Reproduce the data exactly and drop any pictures it holds.

Dataset records:

BEGIN

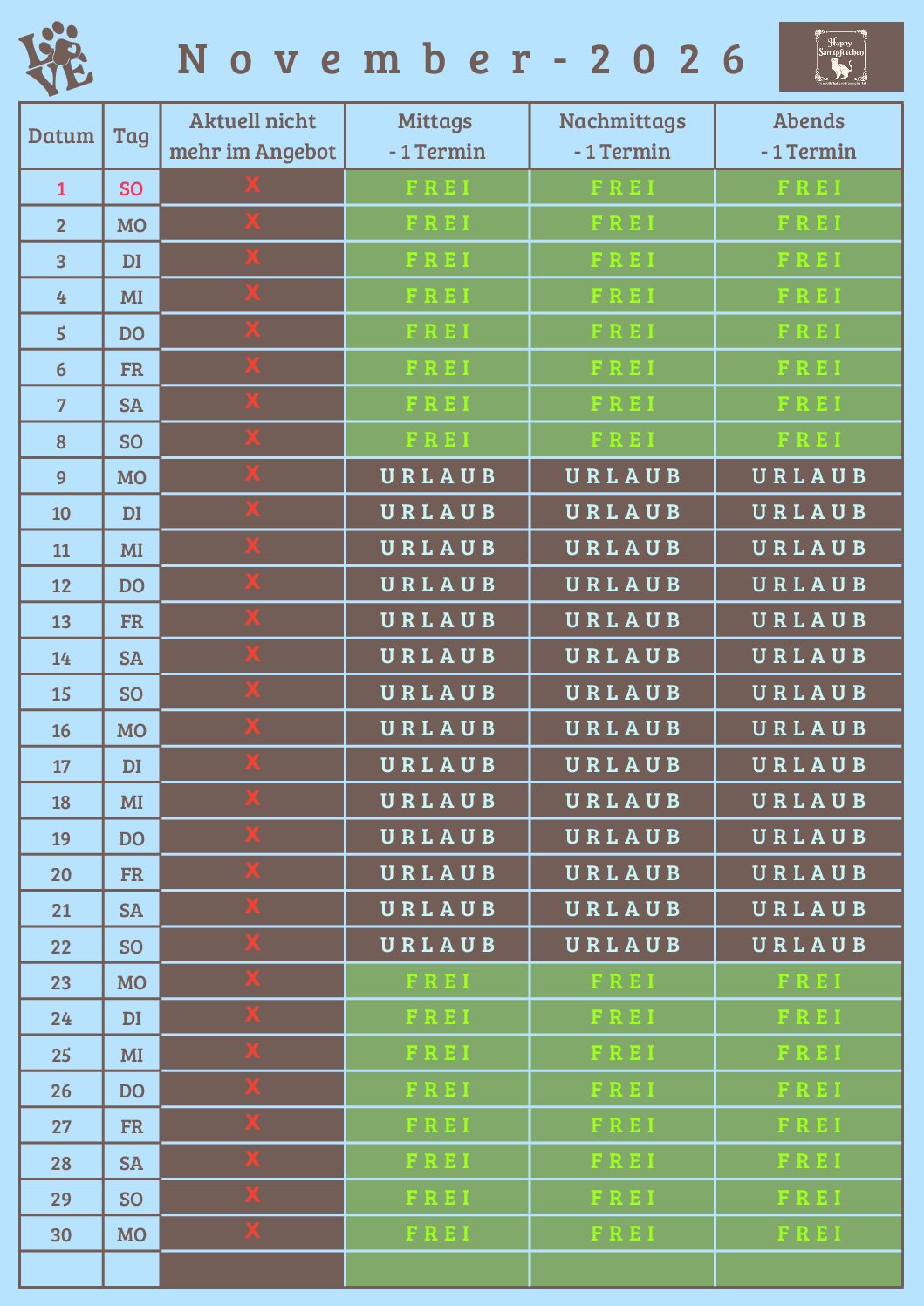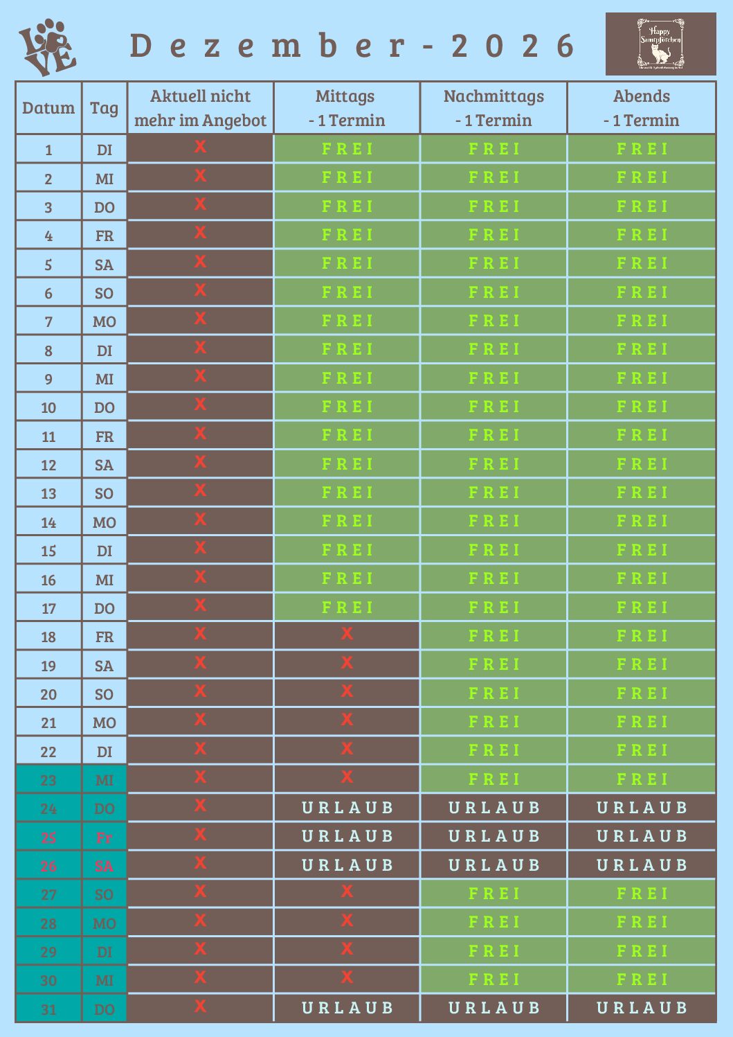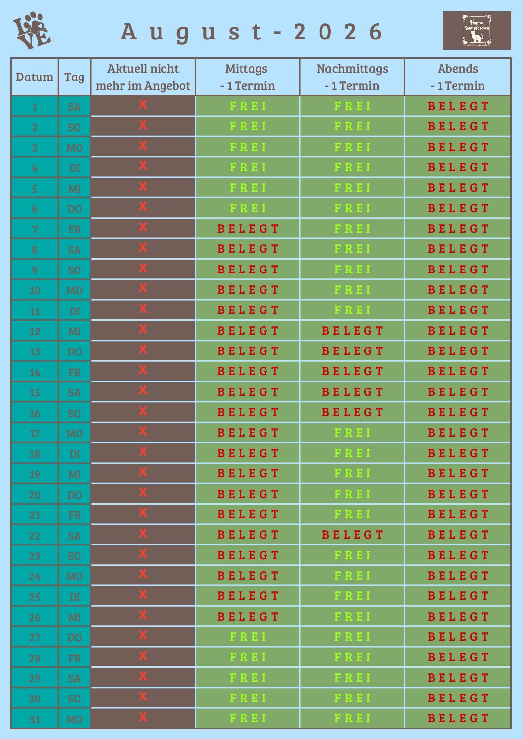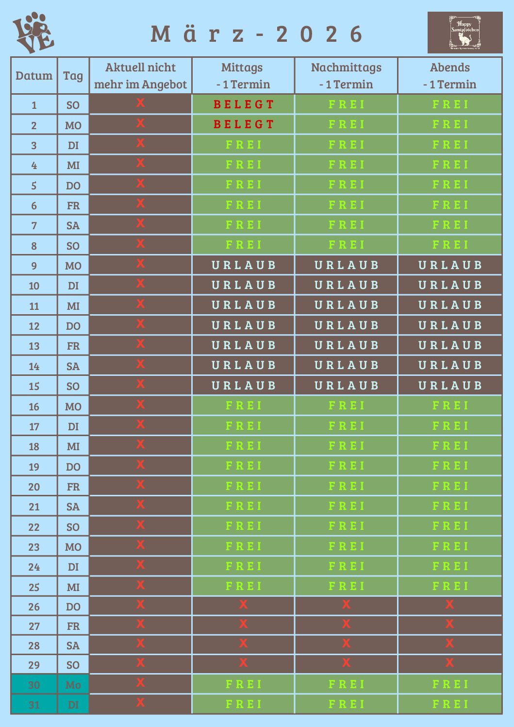 – Bitte immer mal wieder reinschauen, aufgrund von Änderungen ist vielleicht der Wunschtermin doch noch/wieder frei – Ihr könnt gerne auch anfragen –
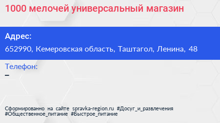 1000 мелочей, универсальный магазин по адресу 652990, Кемеровская область, Таштагол, Ленина, 48 в дальнейшем Организация, размещена в следующих категориях:
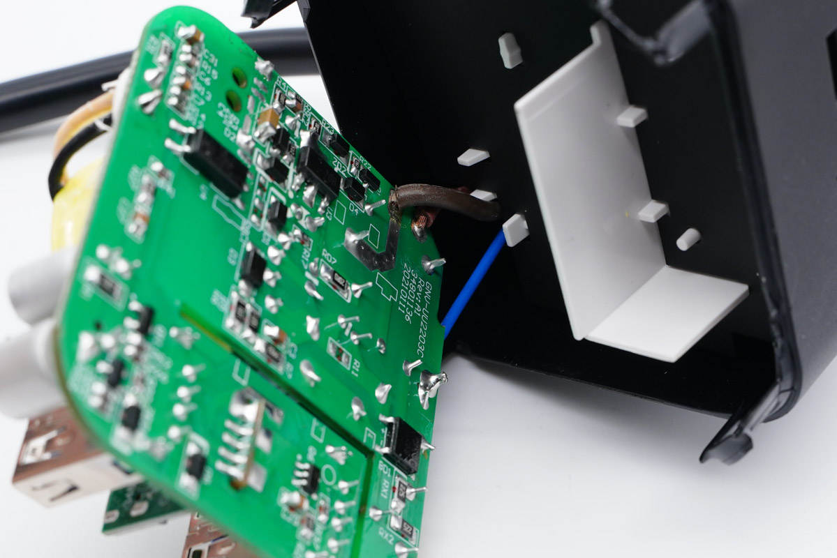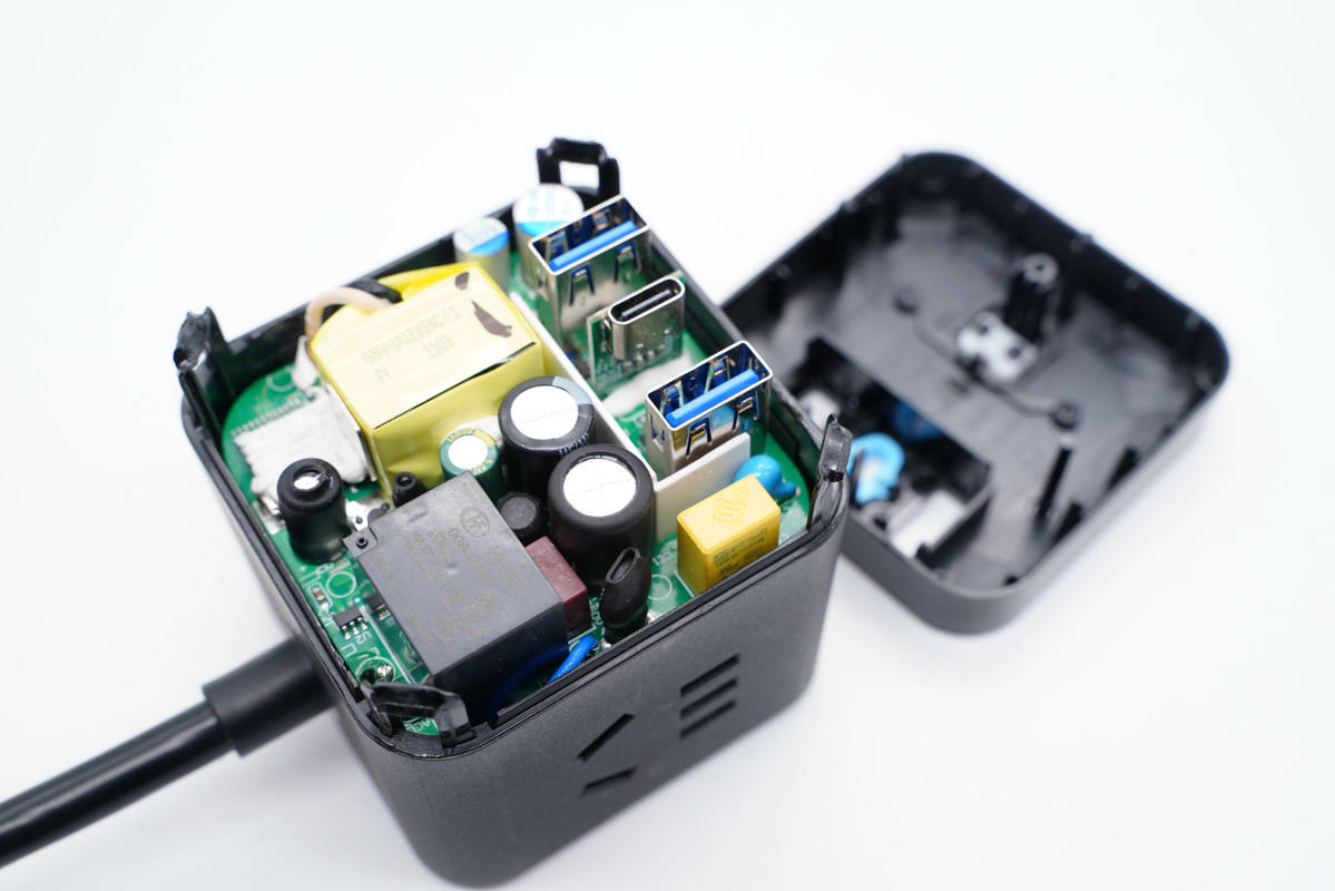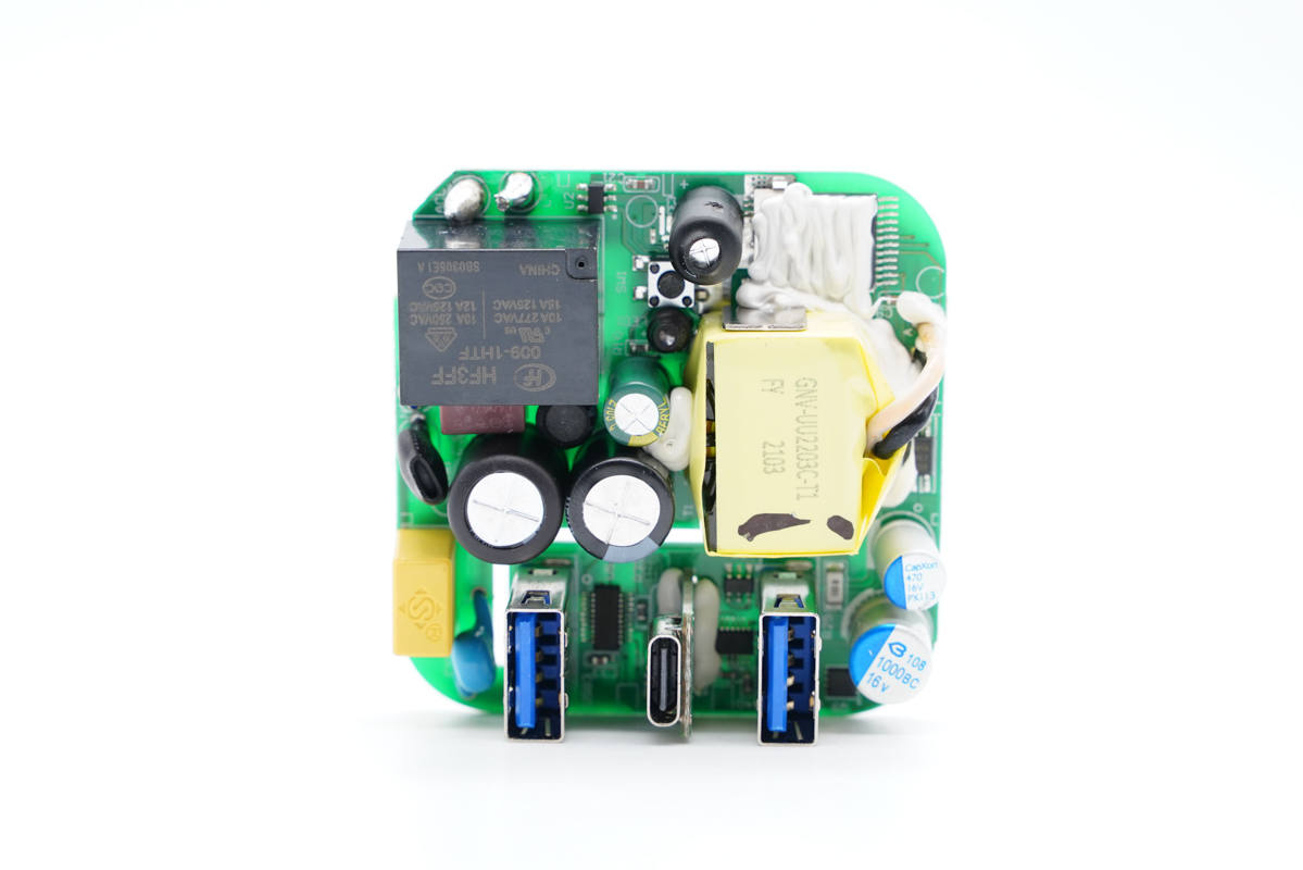 輸出端兩個USB-A母座加長設計,USB-C母座焊接在小板上,并打膠加固。
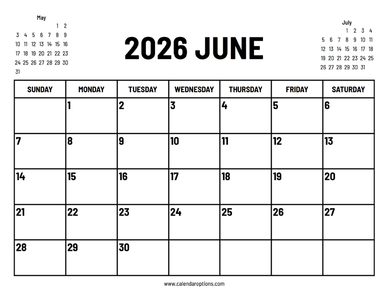 This 2026 June calendar is very handy because it has small previews of both the previous and the following month. Paper size: US Letter. Document width and height: 11 x 8.5 inches. Format: PDF.
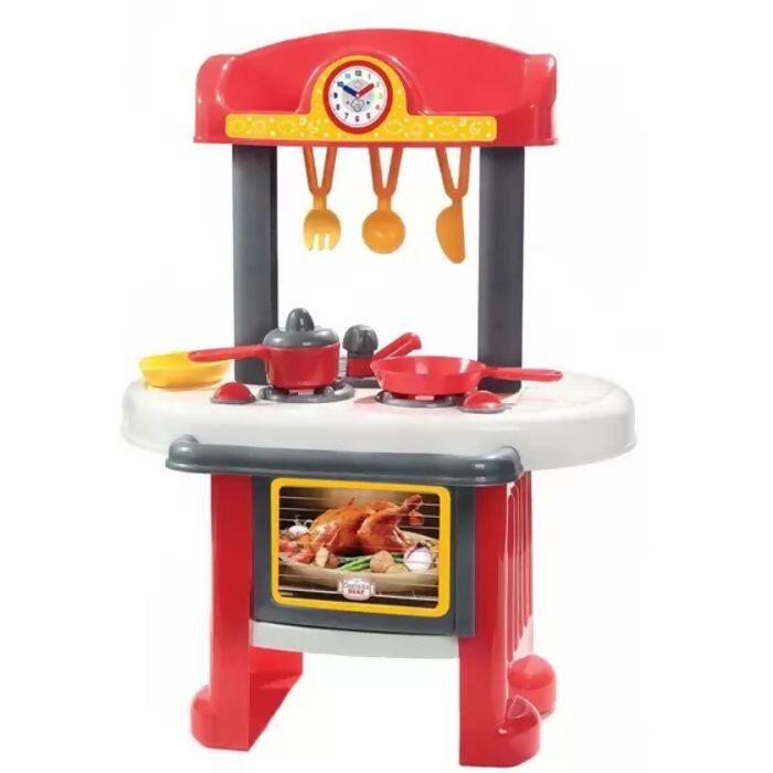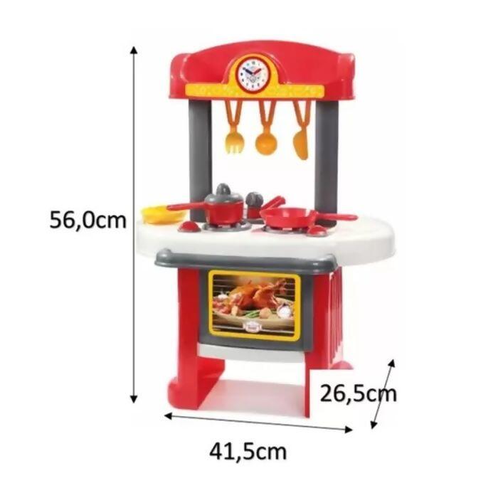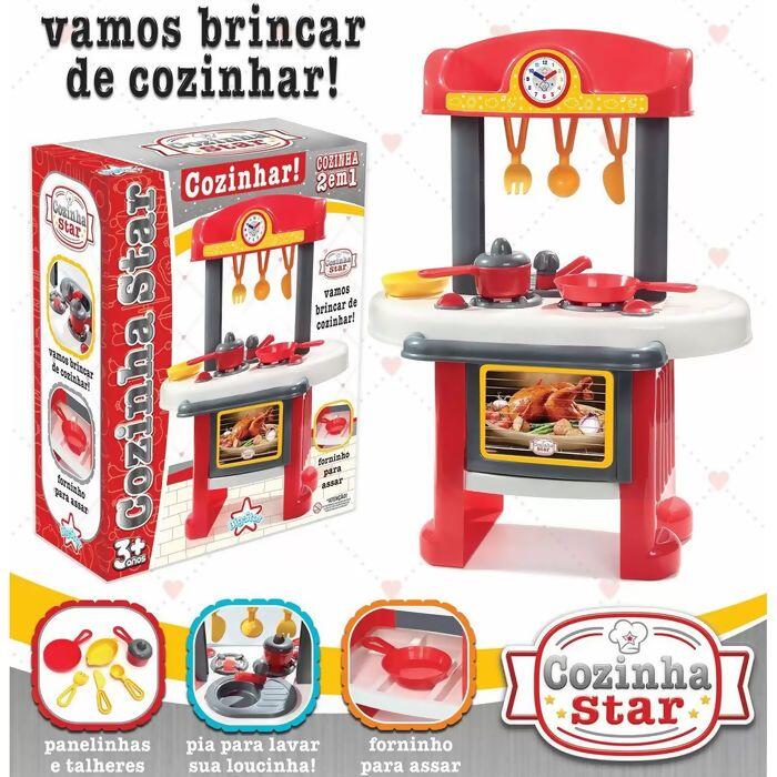 A Cozinha Star possui duas bocas de fogão com grelhas pretas, pia, forno, e diversos utensílios básicos. O forno portinha que abre e fecha. Tudo para deixar a brincadeira a mais real possível.
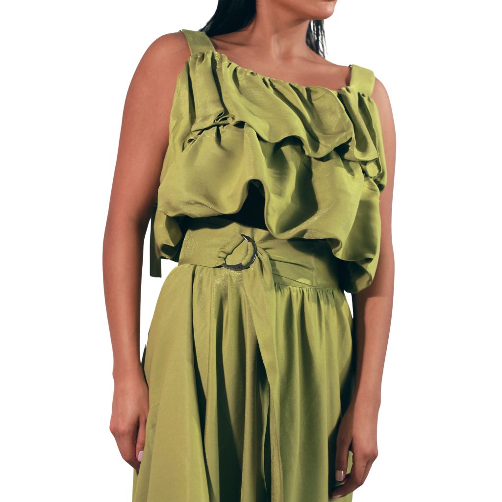 This stylish top combines sophisticated design with playful ruffles, offering versatile wear with adjustable straps. Shiny Bright Silky Linen is available in Green, Pink, and Black.
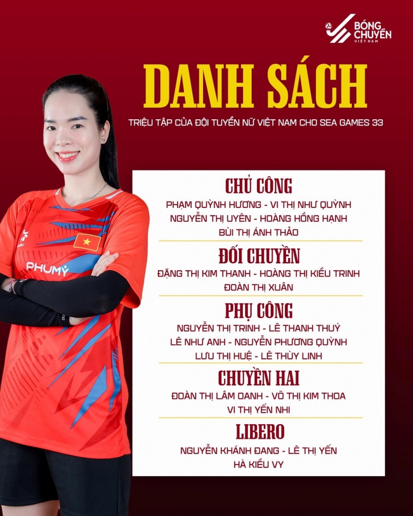Accordingly, the call-up list includes athletes such as: Pham Quynh Huong, Vi Thi Nhu Quynh, Nguyen Thi Uyen, Bui Thi Anh Thao, Hoang Hong Hanh (outside hitter), Dang Thi Kim Thanh, Hoang Thi Kieu Trinh, Doan Thi Xuan (setter), Nguyen Thi Trinh, Le Thanh Thuy, Le Nhu Anh, Nguyen Phuong Quynh, Luu Thi Hue, Le Thuy Linh (middle blockers), along with setters like Doan Thi Lam Oanh, Vo Thi Kim Thoa, Vi Thi Yen Nhi. The libero pair consists of Nguyen Khanh Dang and Ha Kieu Vy.
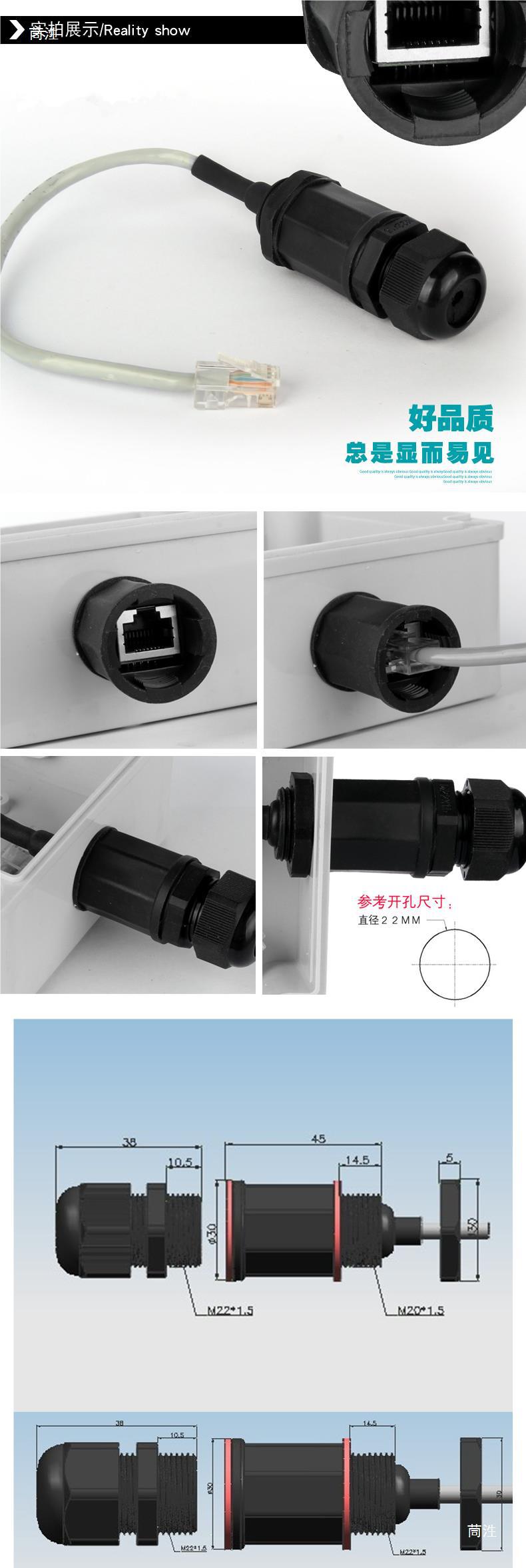 Tipo de Red Enchufe Conector RJ45 Conector de Cable de Red M22 con Cable con Cabeza de Cristal Fabricante

END

Output of the task:
 – Bitte immer mal wieder reinschauen, aufgrund von Änderungen ist vielleicht der Wunschtermin doch noch/wieder frei – Ihr könnt gerne auch anfragen –
 1000 мелочей, универсальный магазин по адресу 652990, Кемеровская область, Таштагол, Ленина, 48 в дальнейшем Организация, размещена в следующих категориях:
 輸出端兩個USB-A母座加長設計,USB-C母座焊接在小板上,并打膠加固。
 This 2026 June calendar is very handy because it has small previews of both the previous and the following month. Paper size: US Letter. Document width and height: 11 x 8.5 inches. Format: PDF.
 A Cozinha Star possui duas bocas de fogão com grelhas pretas, pia, forno, e diversos utensílios básicos. O forno portinha que abre e fecha. Tudo para deixar a brincadeira a mais real possível.
 This stylish top combines sophisticated design with playful ruffles, offering versatile wear with adjustable straps. Shiny Bright Silky Linen is available in Green, Pink, and Black.
Accordingly, the call-up list includes athletes such as: Pham Quynh Huong, Vi Thi Nhu Quynh, Nguyen Thi Uyen, Bui Thi Anh Thao, Hoang Hong Hanh (outside hitter), Dang Thi Kim Thanh, Hoang Thi Kieu Trinh, Doan Thi Xuan (setter), Nguyen Thi Trinh, Le Thanh Thuy, Le Nhu Anh, Nguyen Phuong Quynh, Luu Thi Hue, Le Thuy Linh (middle blockers), along with setters like Doan Thi Lam Oanh, Vo Thi Kim Thoa, Vi Thi Yen Nhi. The libero pair consists of Nguyen Khanh Dang and Ha Kieu Vy.
 Tipo de Red Enchufe Conector RJ45 Conector de Cable de Red M22 con Cable con Cabeza de Cristal Fabricante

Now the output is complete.